▶ **Exercise brief**:
Beginning at the top of the entries below, retype each line exactly until the line containing "Áo dài ngũ thân" has been written out; include no pictures and no later lines.

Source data
----
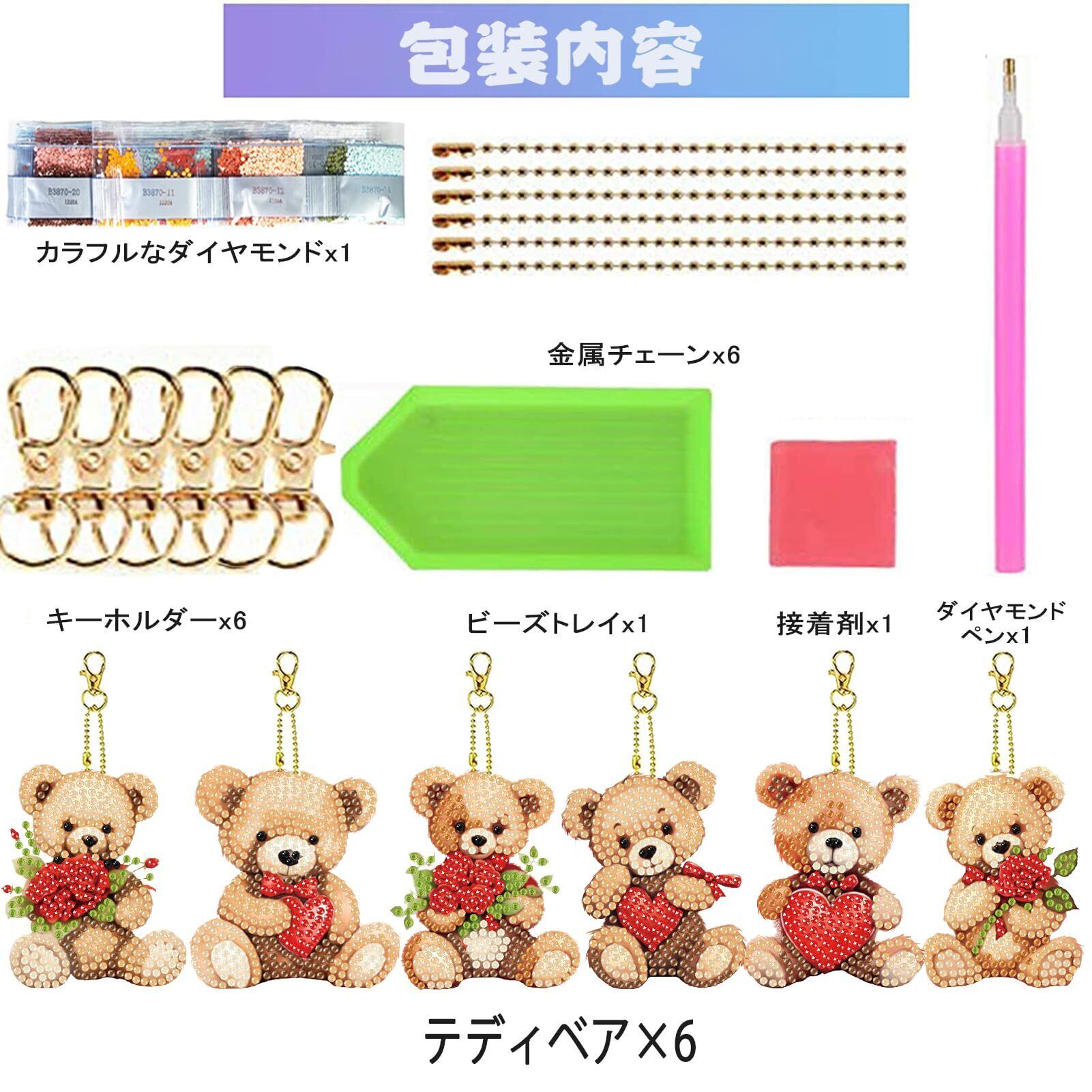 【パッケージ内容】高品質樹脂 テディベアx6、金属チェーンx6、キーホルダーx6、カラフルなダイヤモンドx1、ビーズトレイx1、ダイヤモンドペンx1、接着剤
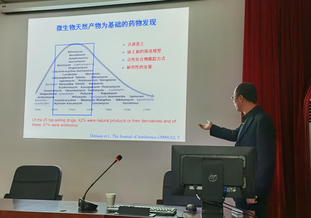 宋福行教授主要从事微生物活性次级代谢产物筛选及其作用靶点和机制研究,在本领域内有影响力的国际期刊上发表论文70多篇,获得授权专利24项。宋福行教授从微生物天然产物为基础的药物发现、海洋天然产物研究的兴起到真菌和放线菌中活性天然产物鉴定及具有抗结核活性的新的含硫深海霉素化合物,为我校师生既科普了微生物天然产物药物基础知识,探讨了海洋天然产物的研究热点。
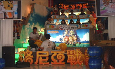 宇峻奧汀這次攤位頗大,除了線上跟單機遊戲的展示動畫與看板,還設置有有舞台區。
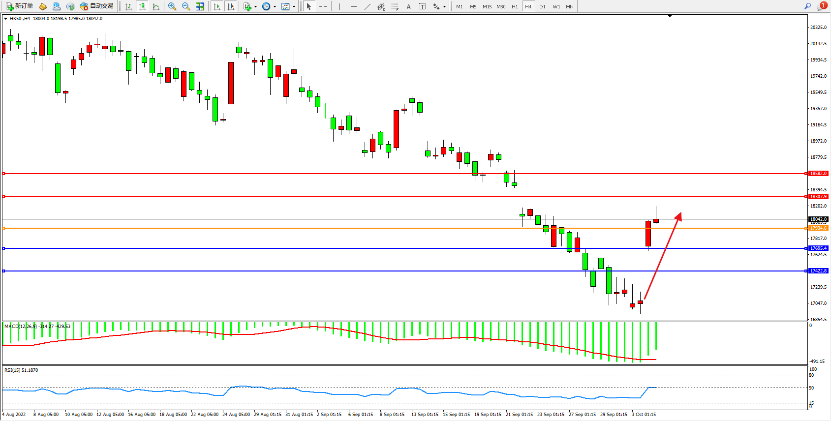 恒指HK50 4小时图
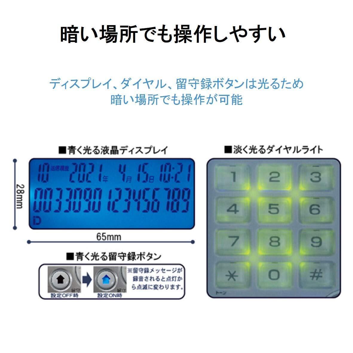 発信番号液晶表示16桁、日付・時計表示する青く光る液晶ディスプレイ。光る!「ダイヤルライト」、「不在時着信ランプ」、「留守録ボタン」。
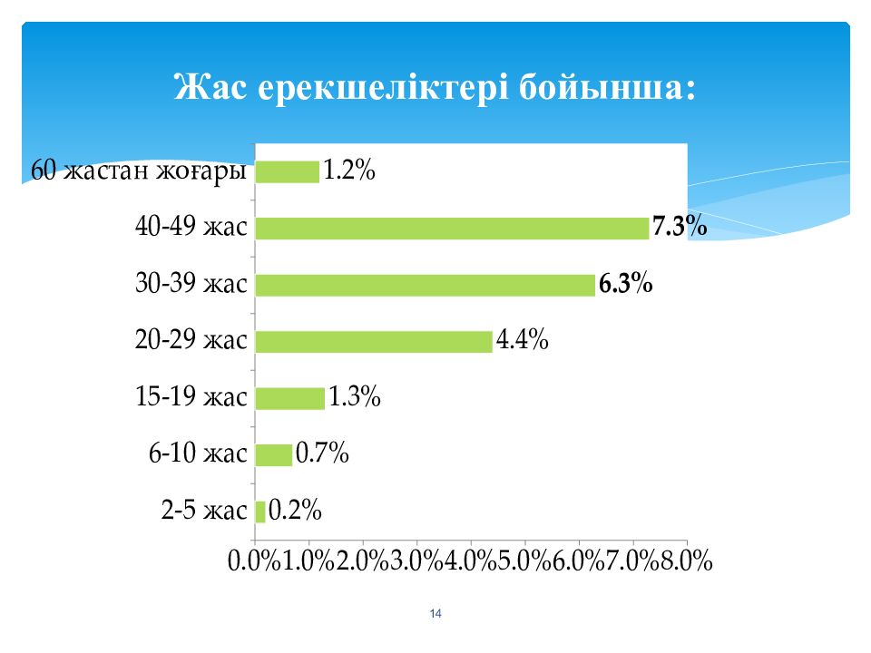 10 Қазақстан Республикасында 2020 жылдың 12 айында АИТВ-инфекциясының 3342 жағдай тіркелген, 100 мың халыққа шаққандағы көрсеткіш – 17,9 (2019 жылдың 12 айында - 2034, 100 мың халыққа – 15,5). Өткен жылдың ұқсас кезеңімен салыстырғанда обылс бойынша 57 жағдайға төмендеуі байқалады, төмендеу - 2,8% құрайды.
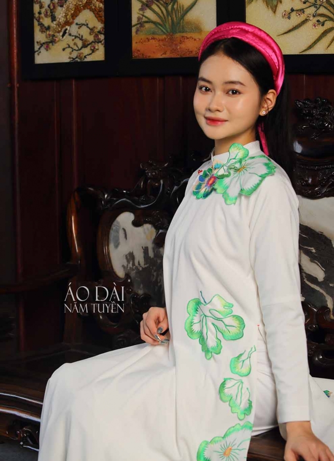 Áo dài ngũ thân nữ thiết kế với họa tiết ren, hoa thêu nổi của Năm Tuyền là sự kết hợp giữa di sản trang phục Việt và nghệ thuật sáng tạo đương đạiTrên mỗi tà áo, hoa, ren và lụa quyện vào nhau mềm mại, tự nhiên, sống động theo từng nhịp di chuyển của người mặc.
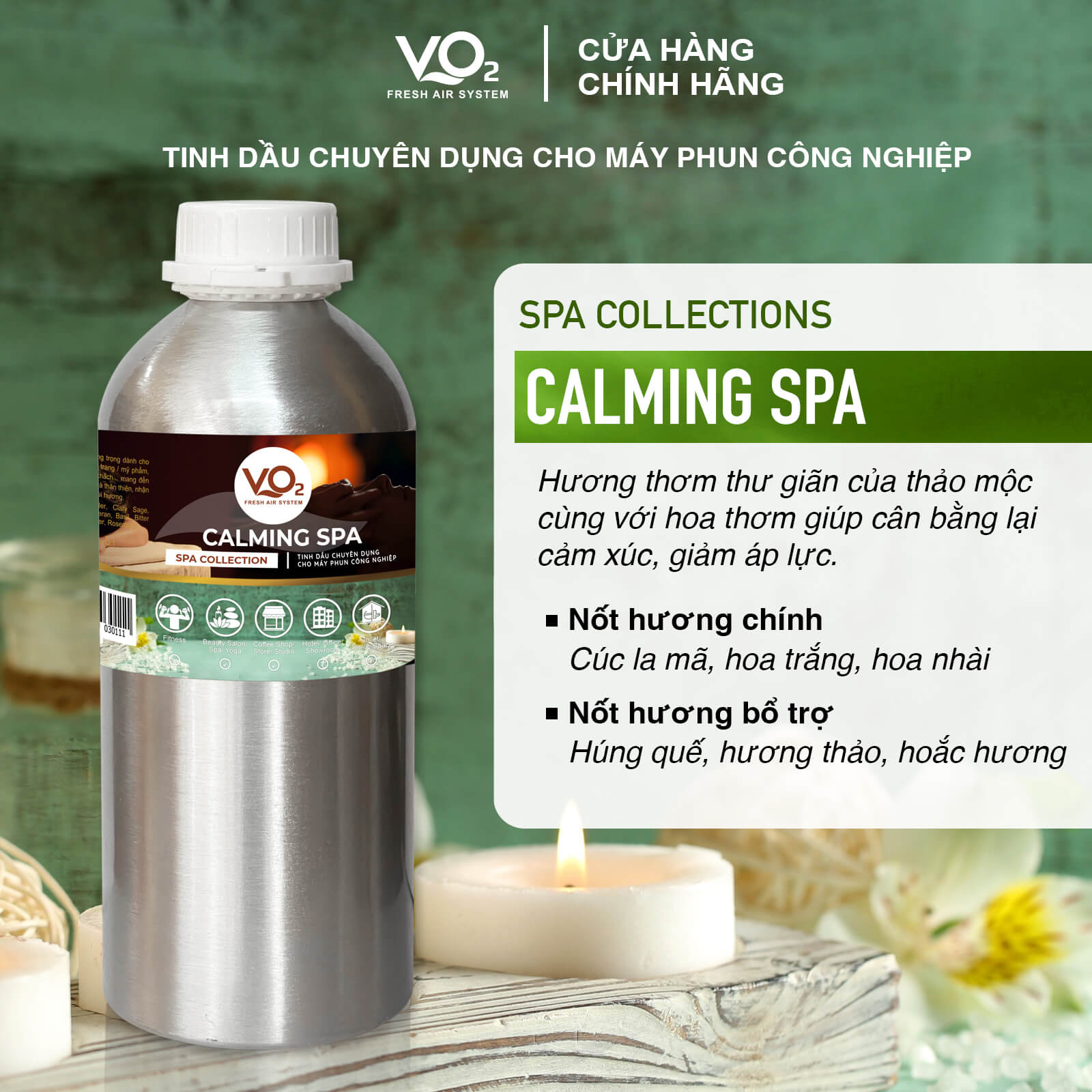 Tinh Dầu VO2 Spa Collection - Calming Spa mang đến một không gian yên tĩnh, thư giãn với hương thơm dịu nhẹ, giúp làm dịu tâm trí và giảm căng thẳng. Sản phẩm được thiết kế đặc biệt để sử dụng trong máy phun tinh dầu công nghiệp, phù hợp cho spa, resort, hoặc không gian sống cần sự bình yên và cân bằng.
----
▶ **Answer**:
 【パッケージ内容】高品質樹脂 テディベアx6、金属チェーンx6、キーホルダーx6、カラフルなダイヤモンドx1、ビーズトレイx1、ダイヤモンドペンx1、接着剤
 宋福行教授主要从事微生物活性次级代谢产物筛选及其作用靶点和机制研究,在本领域内有影响力的国际期刊上发表论文70多篇,获得授权专利24项。宋福行教授从微生物天然产物为基础的药物发现、海洋天然产物研究的兴起到真菌和放线菌中活性天然产物鉴定及具有抗结核活性的新的含硫深海霉素化合物,为我校师生既科普了微生物天然产物药物基础知识,探讨了海洋天然产物的研究热点。
 宇峻奧汀這次攤位頗大,除了線上跟單機遊戲的展示動畫與看板,還設置有有舞台區。
 恒指HK50 4小时图
 発信番号液晶表示16桁、日付・時計表示する青く光る液晶ディスプレイ。光る!「ダイヤルライト」、「不在時着信ランプ」、「留守録ボタン」。
 10 Қазақстан Республикасында 2020 жылдың 12 айында АИТВ-инфекциясының 3342 жағдай тіркелген, 100 мың халыққа шаққандағы көрсеткіш – 17,9 (2019 жылдың 12 айында - 2034, 100 мың халыққа – 15,5). Өткен жылдың ұқсас кезеңімен салыстырғанда обылс бойынша 57 жағдайға төмендеуі байқалады, төмендеу - 2,8% құрайды.
 Áo dài ngũ thân nữ thiết kế với họa tiết ren, hoa thêu nổi của Năm Tuyền là sự kết hợp giữa di sản trang phục Việt và nghệ thuật sáng tạo đương đạiTrên mỗi tà áo, hoa, ren và lụa quyện vào nhau mềm mại, tự nhiên, sống động theo từng nhịp di chuyển của người mặc.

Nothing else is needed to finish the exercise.